野田首相は11日、多くの国民の不安と反対の声を押し切って「TPP交渉参加にむけて関係国との協議に入る」との表明を行いました。野田首相の態度表明を待っていたのは、自国の利益拡大を歓迎するアメリカであり「例外なしの自由化」との協議内容でした。TPPの内容が明らかになる中で国民の怒りは一層広がっています。
 全国知事会は態度発表の当日、先程知事がおっしゃいましたが、会長名で「問題がある」との「コメント」を発表しました。そもそも知事会は、10月19日に「TPP協定交渉に関する緊急要請」を政府に提出し、「十分な情報提供と国民的議論の必要性」「農林水産業の再生・強化に向けた具体的かつ体系的な対策の必要性」を指摘し、「総合的な検討を行い、国民合意を得た上で、判断すること」を求めていましたが、十分な回答がされなかったため「今回の方針決定の表明に問題がある」とコメントしたのです。
知事、国民の反対の世論と運動に耳を貸さず、知事会の要請にもまともに答えなかった政府のTPP参加表明に厳しく抗議し、撤回を求めるべきではなかったのですか。いかがですか。
【知事】TPP問題についてでありますが、私どもはいまご指摘がありましたように全国知事会としても、しっかりとした情報提供、そして対策、さらには慎重な対応ということを三本柱として、これは民主党の各関係大臣に申し入れたところであります。
残念ながら、そうした中での今回の話でありますけれども、そうした、いろいろないきさつの中で、交渉参加ということではなくて、交渉参加に向けて関係国との事前協議という、極めて曖昧な形で話が進んでおります。従いまして、私どもはこれはちょっと問題ではないか、しっかりとした情報提供をしなさい、それから、農林業等の対策を示しなさいということを申し入れて、慎重対応を言っているわけでありますので、まさにその筋でこれからも国に対して強く要請していきたいと考えております。
【迫】現実にはこの問題では交渉に参加をする、そのことが前提になっています。その中には、先ほど来から言われている関税撤廃と非関税障壁の撤廃、これが求められてくるということは明確であります。
そういう中でわが党議員団は、決算委員会の審議で、TPPへの参加は、府民生活のあらゆる分野で影響が出ることを示し、京都府として府民への影響を明確にし、TPP参加に反対を表明すべきだと追及してきました。

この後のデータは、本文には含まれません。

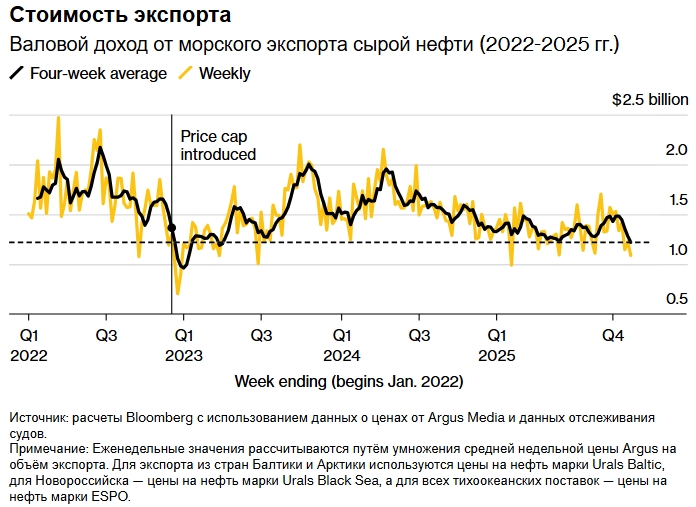 Морские поставки сырой нефти из России уменьшились на протяжении четвёртой недели, что способствовало снижению цен на нефть внутри страны и уменьшению доходов бюджета до самого низкого уровня за последние два с половиной года — около 1,2 миллиарда долларов в неделю.

ところが、知事が反対の態度を明確に表明しないため、副知事や理事者の答弁は「国が対応策を講じなければ、大きな影響がある」「現時点ではまだ判断しにくい」「全国知事会が国に要望している」など、京都府としてあいまいな態度に終始していました。
 そこで改めて、知事に伺います。
農業の影響は農水省の試算を京都に当てはめると生産額でコメは90%の178億円減少。畜産も乳製品、牛肉、豚肉、鶏肉を合わせると59億円減少。お茶も25%、19億円減少、これだけでも256億円の減少です。さらに農地が荒れ果て、洪水防止機能など400億円近い機能の大半が失われてしまいます。
「食品の安全」はどうか。米通商代表部は7項目の対日要求を示し、大腸菌が検出された米国産冷凍フライドポテト、また、防かび剤入りの食品添加物などの輸入を強要しています。

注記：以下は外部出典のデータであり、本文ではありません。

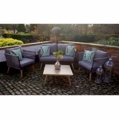 Lifestyle Metal 8 Seater Garden Corner Sofa Set with Rectangular Fire Pit Table by Primrose Living

医療の分野では、政府は「今後は混合診療の全面解禁の議論の可能性は排除されない」という見解を公式に認めました。このため、日本医師会、日本歯科医師会、日本薬剤師会はTPP参加に反対を表明し、京都府医師会は改めて11月8日に反対の緊急決議をあげています。

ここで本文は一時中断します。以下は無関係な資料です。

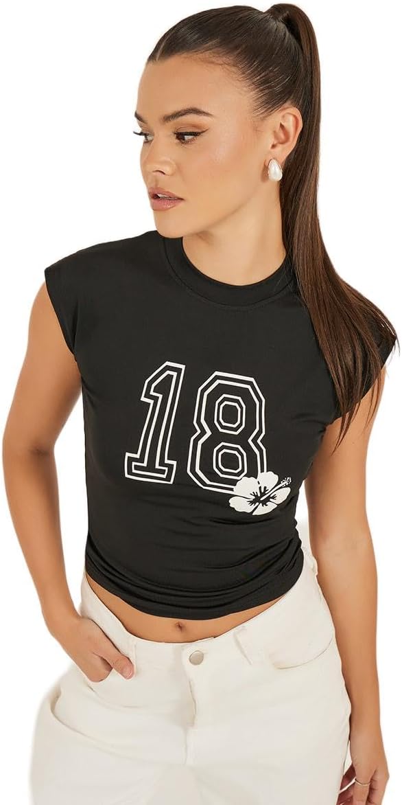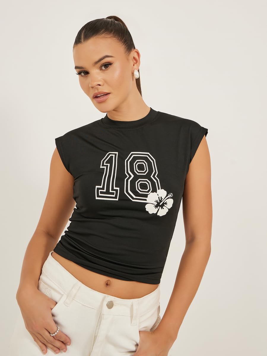 Size shown on Model: S, Product Type: Tank, Pattern: Graphic, Lifestyle: Daytime, Neck: High Neck, Sleeve Length : Sleeveless, Material: Poly Blend, Fit: Fitted, Care Instructions: Wash according to instructions on care label, Length: Regular, Designed with a refined and modern stylish look. Profound material offers immense comfort

「政府調達」の分野でも公共工事はWTO基準では23億円以上が国際入札ですが、TPPでは7億円台になり、建築委託やコンサルに係る入札も2億3千万円以上が750万円まで引き下げられ、本府の入札に外国企業が参入してきます。
本府での倒産件数の3割近くが建設業界、非常に厳しい状況にあります。総合評価方式などの入札制度の改善を行っているがTPPに参加すると、地元企業に仕事を回す努力がいっぺんに吹き飛んでしまいます。また入国審査が緩和され低賃金労働者が入ってくる。業者も、労働者も大きな被害を受けてしまいます。
私の地元西陣でも関税撤廃や、原産国表示が撤廃されれば、外国産の安い帯やネクタイが大量に入ってきて、いまでも苦戦している業界が崩壊しかねません。京都府の行なっている中小企業支援策も自由貿易の障害になる非関税障壁として廃止されかねません。
そこで知事に伺います。首相が参加協議を表明した中で曖昧な態度ではなく、本当に知事は、府民の命とくらしを守る立場から、京都の産業や、食の安全、医療の問題など重大な影響について、府民に知らせるべきではないですか。お答えください。  
【知事】まさに、府民への影響なのですが、それぞれ言い合っているわけですよ。片方では農協中心に反対を言い、片方では経団連中心にメリットがあると言い合っているわけですよね。今は、迫議員は反対の方ばっかりの表明をされたわけですが、片方では賛成ばっかり言っている方がいっぱいおられるわけです。その中において、議論が明確でないから、片方が農林水産省の試算は8兆円損をする、経産省は10兆円得をするとなっているので、こんな議論をいくらやっても私は意味がないと。前提条件が全く違う場外戦をやっているわけです。だから、前提条件をきちっと明確にしていかなければ、この話し合いというものは、国民の議論にならないですよと申し上げているわけです。そのためのしっかりとした情報開示と、そして対策を国に示すべきだと要求しているわけであります。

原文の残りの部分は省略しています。